Estabelecemos as seguintes hipóteses no intuito de explicitar os
problemas acima colocados. A primeira traduz-se na legitimidade política do
discurso fascista que se contextualiza na apropriação dos valores da
expectativa social sustentando-se por um processo identitário nacional de
ressurgimento e consolidação. Há uma linha orgânica da história da península
itálica, com suas tradições institucionalizadas pelo Estado e pela Igreja e com a
valorização da formação étnica italiana. Nossa segunda hipótese parte do
pressuposto que o Estado forte, o intervencionismo estatal e a consolidação da
mídia são as novas vertentes do nacionalismo no contexto histórico entre
guerras e por isso estabelecem um novo efeito na dinâmica da comunicação
política e na forma de representação da retórica estatal com a
Finalmente, soma-se a estas duas visões, a noção de que a língua é o
símbolo de identidade e/ou alteridade que estrutura a representação do mundo
e permite reconhecer as diferenças entre os que são italianos e os que não são
italianos. O Estado fascista estabeleceu através de medidas legislativas a
obrigatoriedade do uso da língua italiana padrão oficial (standard), que se
efetivou pelo capital social da escolarização.
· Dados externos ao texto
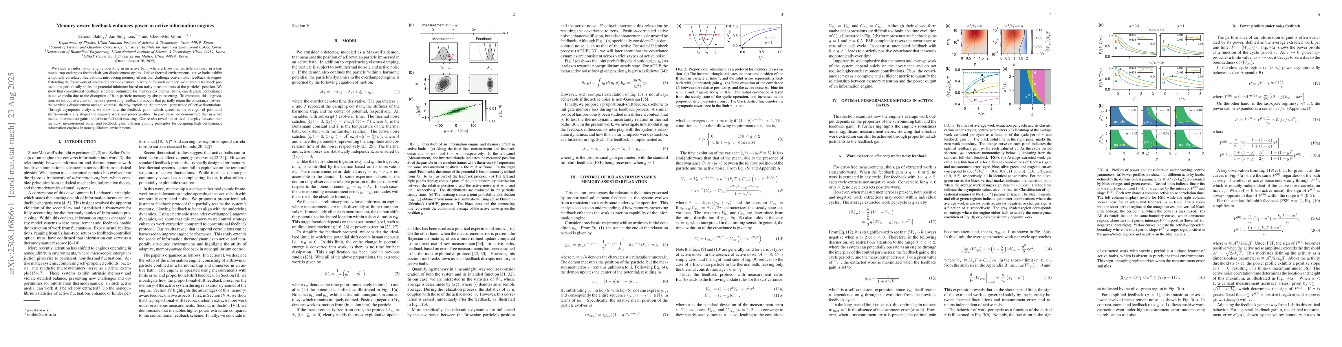 We study an information engine operating in an active bath, where a Brownian particle confined in a harmonic trap undergoes feedback-driven displacement cycles. Unlike thermal environments, active baths exhibit temporally correlated fluctuations, introducing memory effects that challenge conventional feedback strategies. Extending the framework of stochastic thermodynamics to account for such memory, we analyze a feedback protocol that periodically shifts the potential minimum based on noisy measurements of the particle's position. We show that conventional feedback schemes, optimized for memoryless thermal baths, can degrade performance in active media due to the disruption of bath-particle memory by abrupt resetting. To overcome this degradation, we introduce a class of memory-preserving feedback protocols that partially retain the covariance between the particle's displacement and active noise, thereby exploiting the temporal persistence of active fluctuations. Through asymptotic analysis, we show how the feedback gain -- which quantifies the strength of positional shifts -- nontrivially shapes the engine's work and power profiles. In particular, we demonstrate that in active media, intermediate gains outperform full-shift resetting. Our results reveal the critical interplay between bath memory, measurement noise, and feedback gain, offering guiding principles for designing high-performance information engines in nonequilibrium environments.

Para tanto, optou-se, como corpora, pelos discursos do líder político do
Fascismo, Benito Mussolini, que serão analisados com base metodológica na
Teoria da Análise do Discurso Político Semiolingüística de Patrick
CHARAUDEAU (2006a), com sua interdisciplinaridade. Este ponto de vista nos
possibilitou explicitar as estruturas e visadas discursivas, ou intenções, de cada
enunciador ou autor textual em seu jogo político, na disputa de poder e
legitimidade com seu auditório, a impor suas visões ou vontades.
Para investigar nossas hipóteses, o nosso discurso levará em
consideração os três lugares de produção de sentidos para a análise do
discurso político propostos por CHARAUDEAU (2006a), tais sejam: a doutrina
política, no presente caso, o Fascismo italiano; os elementos de justificação ou
legitimação suscitados por este discurso; e a retórica, ou seja, as estruturas e
as estratégias, adotadas com intuito de se buscar a adesão ou o
convencimento da sociedade italiana em seu momento de afirmação capitalista
e no jogo das nações européias no período entre-guerras.
Por isso, no intuito de se manter uma linha central que possibilite uma
unidade entre os capítulos do trabalho, organizamos nosso sumário articulando
O capítulo 1 apresenta o contexto do Fascismo italiano e suas
inter-relações com o problema lingüístico da Itália no primeiro quartel do séc. XX,
como também apresenta a doutrina política fascista com seus símbolos.
O capítulo 2 contextualiza as referências teóricas que adotamos para a
compreensão/problematização de nosso objeto como fenômeno
político-discursivo.
O capítulo 3 informa e analisa os temas e as categorias discursivas
presentes como elementos de legitimação ou justificação próprios dos
discursos políticos de Benito Mussolini. Como também, discute a sua retórica,
ou seja, as estruturas ou estratégias presentes em uma possível “gramática”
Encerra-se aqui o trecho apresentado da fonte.